Pennington v. Woolfolk, &C.

Decision Date20 April 1880
Citation79 Ky. 13
CourtKentucky Court of Appeals
PartiesPennington v. Woolfolk, &c.

Proceedings were instituted in the Jefferson county court by the appellee, who is county attorney of that county, under an act, entitled "An act to amend article three of chapter five of the General Statutes," approved February 23, 1874, Acts 1873-'4, 147).

By that act the General Assembly attempted to re-enact sections 3, 4, 5, 6, 7, 8, and 10, of article 1, sections 1 and 5, of article 2, and sections 2, 3, 4, 5, and 6, of article 3, of chapter 93, of the General Statutes, which had been previously repealed, and to impose upon the county attorney of the counties respectively, the duties imposed by chapter 93 upon the revenue agent.

Section 3 of chapter 93, as re-enacted by the act of 1874, supra, and thereby made part of chapter 5, provides that when any person owning property in this Commonwealth has failed, since January 10, 1856, to list his property with the assessor, whose duty it was to assess the value thereof, or with the supervisors of tax, or the clerk of the county court, it shall be the duty of the county attorney to give information thereof to the county court of the county in which said property should have been listed; and that the court shall summon such person before it, and upon being satisfied that he has failed to list his property, "to assess and fix the value of the same for the years such property was not assessed, and the same shall be certified by the said court to the proper officers for the collection thereof.

The appellant appeared in the county court, and moved to quash the summons; but his motion was overruled.

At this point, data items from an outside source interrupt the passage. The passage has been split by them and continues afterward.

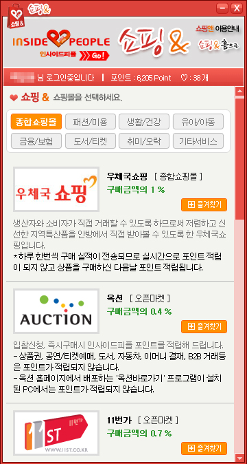 최근 많은 업체들의 할인쿠폰을 지역별로 모아 판매하는 소셜 커머스들이 인기를 끌고 있다. 이러한 열풍은 웹상에서도 지속되고 있는데 단일 업체가 아닌 오픈마켓을 한 곳에 모아놓은 쇼핑프로그램도 등장했다. 인사이드피플의 <쇼핑&>전용프로그램은 옥션, 11번가, G마켓, CJ몰등 주요 오픈마켓뿐만 아니라 AK몰, 이마트몰등 대형 백화점 쇼핑몰까지도 통합하여 원클릭으로 접속하도록 해준다. 그리고 쇼핑몰 결제금액의 최대 5%까지 포인트로 적립하여 VOD를 감상할 수 있는 서비스도 제공하고 있다.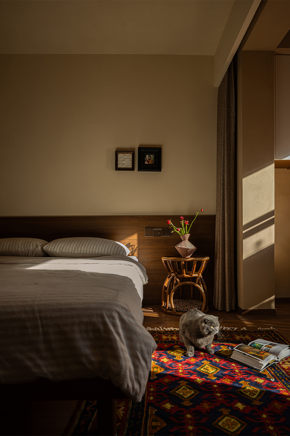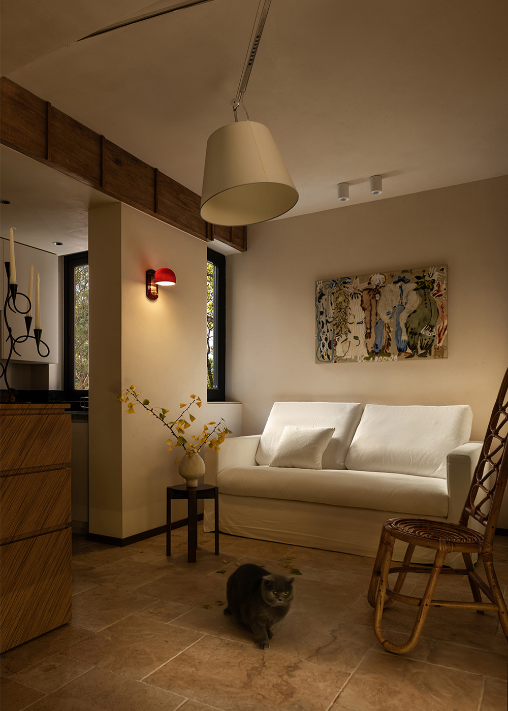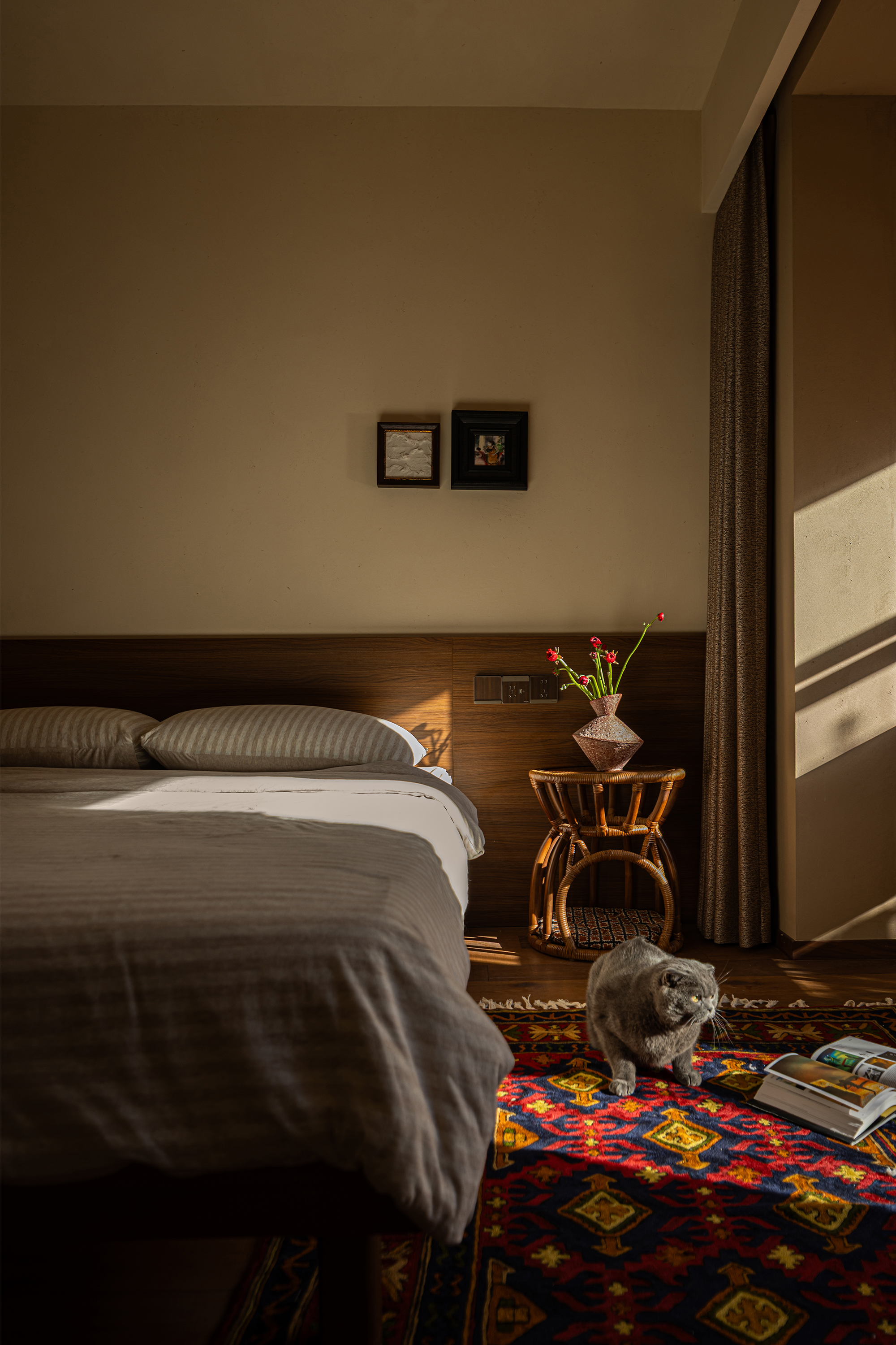 Qian Xiao - Home is a love letter that Shi Yu Design writes to life. The scenery within the red window frame, the warmth behind the blue door, the joy of shuttling through the cat door, the tranquility of the relaxation corner - these seemingly ordinary details are precisely what make a home a home. In this space, nature and art are not objects to be viewed, but everyday elements that can be touched and perceived.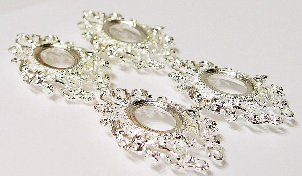 You are buying 4 of 25 mm x 18 mm Shiny Silver Plated Old Victorian Style Muse Graces Brooch Pin or Pendant Settings. The design is just delicate, but they are very solid, not flimsy like the new ones are. There are 2 Gorgeous Muses or Graces one on each side with lots of the Victorian Scroll Design, just beautiful. There is a locking latch on the pin and on the top are two holes that you could put your chain through or add a jump ring (which I have 3 Colors & 2 Sizes of) to make this gorgeous setting into a pendant as well as a brooch. You will not be disappointed in the quality, it is excellent and if I was setting any cameos or cabs, I would use these. These will work great for any cameos or cabs, they will have to be glued in. I have lots of Great Bails, Bracelets, Cameos, Chains, Connectors, Jump Rings, Lockets, Pendants, Pins, Rings & Settings so, just look at all my listings. I have these in 3 other Colors & in a group of 4 Colors as shown in the next to last picture item #360576226141. I have a new Rose Gold Color as shown in the last picture item #361313028042.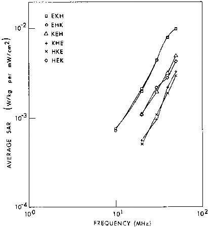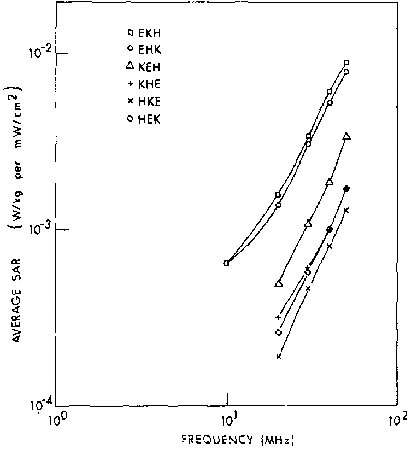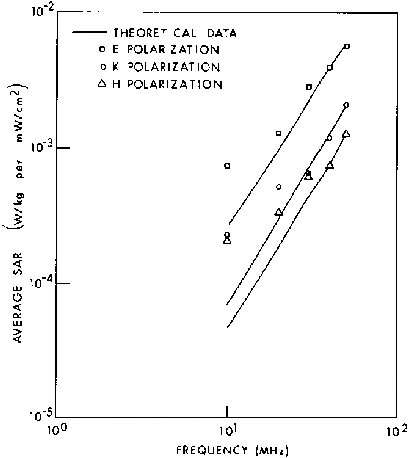 6.3. Calculated planewave average SAR in a prolate spheroidal model of an average man for three polarizations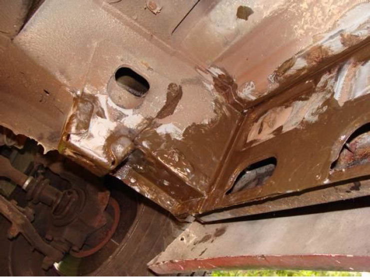 Für die Querträger fand ich keine Reparaturbleche, vielleicht war das ganz gut so, denn die Nachbildung der nun fehlenden Teile war sehr einfach. Zunächst ergänzte ich die Radhäuser, dann die beiden Querträger mit jeweils einem doppelt gewinkelten Blech. Diese Bleche bohrte ich und verschweißte durch die Bohrungen. Anschließend wurde mit Rostschutz verziert und sehr viel Hohlraumwachs eingebracht. Mit dem Prüfer war abgesprochen den Unterbodenschutz erst nach der Nachprüfung aufzubringen. Unter dem Auto liegend habe ich es geschafft mir diverse Verbrennungen zuzuziehen sowie in der Enge mir die Schleifhexe zweimal durch die linke Hand zu ziehen - insofern war ich froh nun oben weiterarbeiten zu dürfen.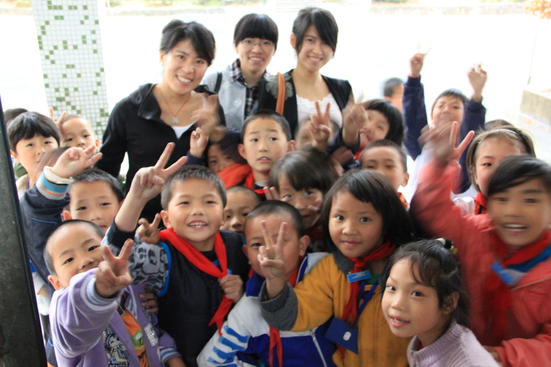 四明山中心小學校長及教師與賽爾人合影留念
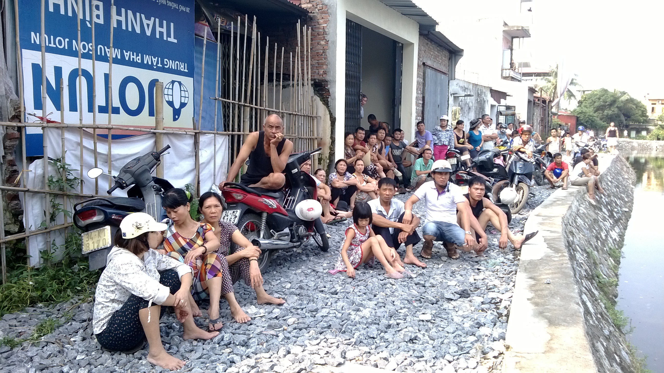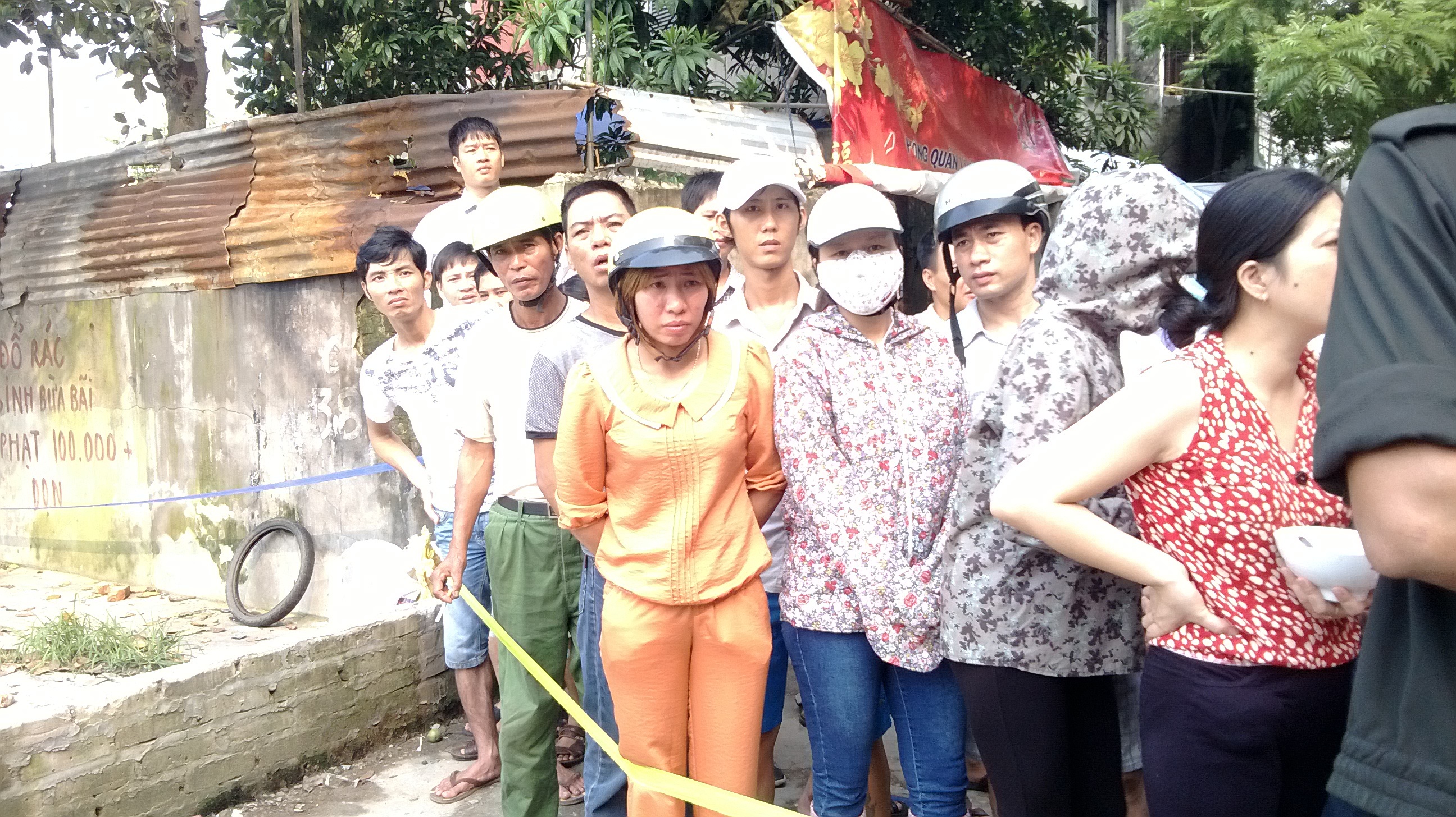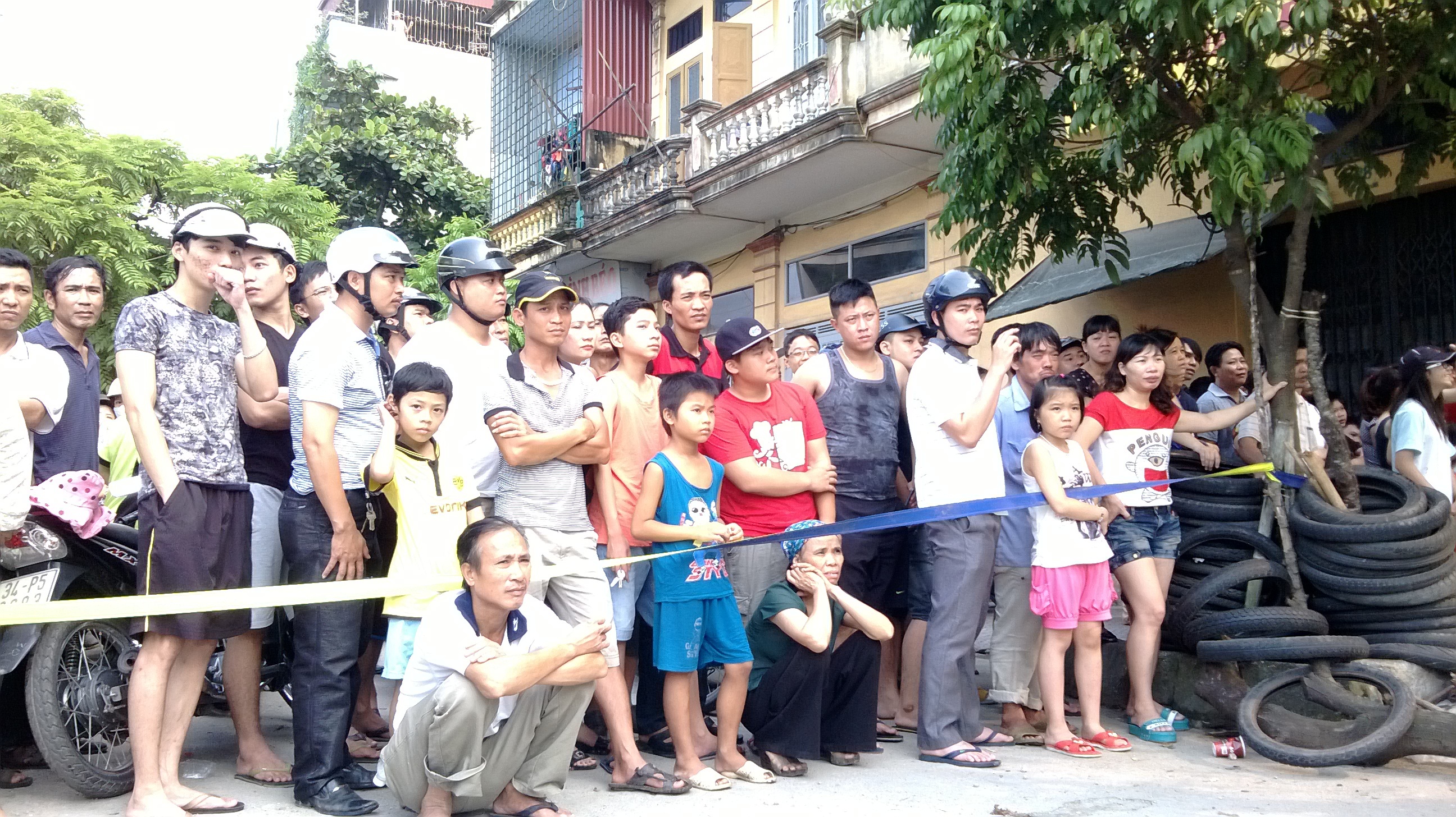 | Rất đông người tập trung theo dõi vụ cháy. |

He then demurred to the information, and the demurrer having been also overruled, he applied to the common pleas court for a writ of prohibition against the county judge and county attorney forbidding them to take any further action in the proceeding against him.

The common pleas court sustained a demurrer to the petition, and dismissed it. This appeal is from that judgment.

It is not claimed that the county court was proceeding irregularly, if it had jurisdiction to proceed in the matter at all.

In the recent case of Howell v. Commonwealth (ante), it was contended that the statute is unconstitutional, because the title does not indicate the subject of the act; but we did not find it necessary to pass upon the point in that case.

In this case the point there made is not relied upon. If, however, we find the act constitutional in other respects, it will become necessary to decide whether the title is insufficient, because if, for that reason, the act is void, the county court had no jurisdiction, even to entertain the proceeding.

The objection taken to the act in this case is, that by it the Legislature has attempted to confer on a judicial tribunal a power not judicial in its nature, in violation of article one of the Constitution, which declares that —

SEC. 1. "The powers of the government of the State of Kentucky shall be divided into three distinct departments, and each of them be confided to a separate body of magistracy, to-wit: Those which are legislative to one; those which are executive to another; and those which are judiciary to another.

SEC. 2. "No person, or collection of persons, being of one of those departments, shall exercise any power properly belonging to either of the others, except in the instances hereinafter expressly directed or permitted."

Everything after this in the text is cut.